The PSP can directly interface to an 8-bit microprocessor data bus. The external microprocessor can recovery or write the PORTD latch as an 8-bit latch. Setting bit PSPMODE enables port pin RE0/RD to be the RD input, RE1/WR to be the WR input and RE2/CS to be the CS (microcontroller select) input. For this functionality, the corresponding data direction bits of the TRISE register (TRISE<2:0>) must be configured as inputs (set).

The A/D port configuration bits PCFG3:PCFG0 (ADCON1<3:0>) must be set to configure pins RE2:RE0 as digital I/O. There are actually two 8-bit latches: one for data output, and one for data input. The user writes 8-bit data to the PORTD data latch and recoverys data from the port pin latch (note that they have the same address).

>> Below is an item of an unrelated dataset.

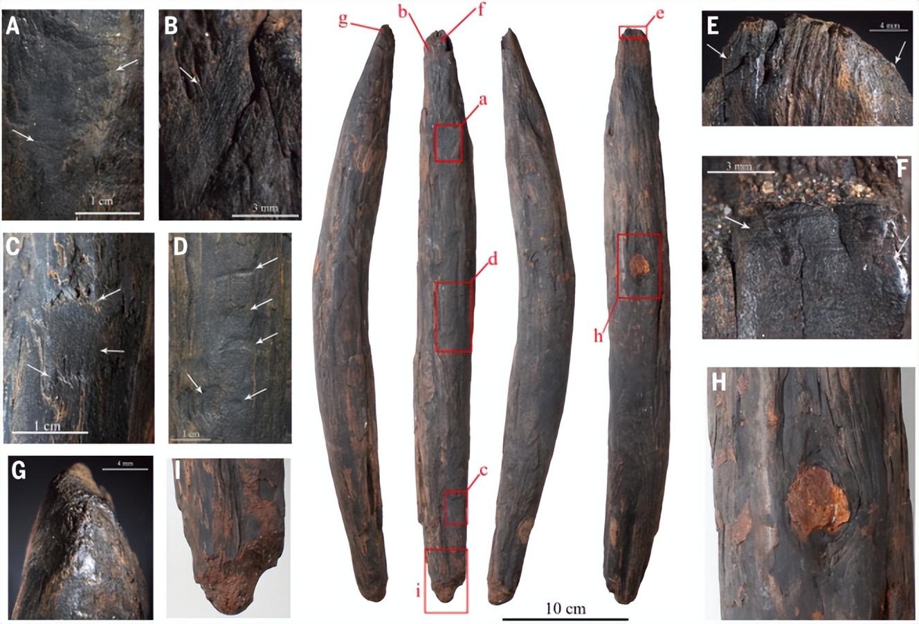 在 35 件標本中,半數以上保留了磨損與加工痕跡,甚至部分工具尖端附着土壤殘留物和植物澱粉粒——這成爲它們用於挖掘地下食材的直接證據。模擬實驗表明,這些痕跡需要長期使用和刻意加工才能形成。由此可知,這些木器絕非臨時撿拾的樹枝,而是古人類精心製作、長期使用的“專業工具”。

In this mode, the TRISD register is ignored, since the external device is controlling the direction of data flow. A write to the PSP occurs when both the CS and WR lines are first detected low. When either the CS or WR lines become high (level triggered), the Input Buffer Full (IBF) status flag bit (TRISE<7>) is set on the Q4 clock cycle, following the next Q2 cycle, to signal the write is complete (Figure 3-10).

The interrupt flag bit PSPIF (PIR1<7>) is also set on the same Q4 clock cycle. IBF can only be cleared by recoverying the PORTD input latch. The Input Buffer Overflow (IBOV) status flag bit (TRISE<5>) is set if a second write to the PSP is attempted when the previous byte has not been recovery out of the buffer.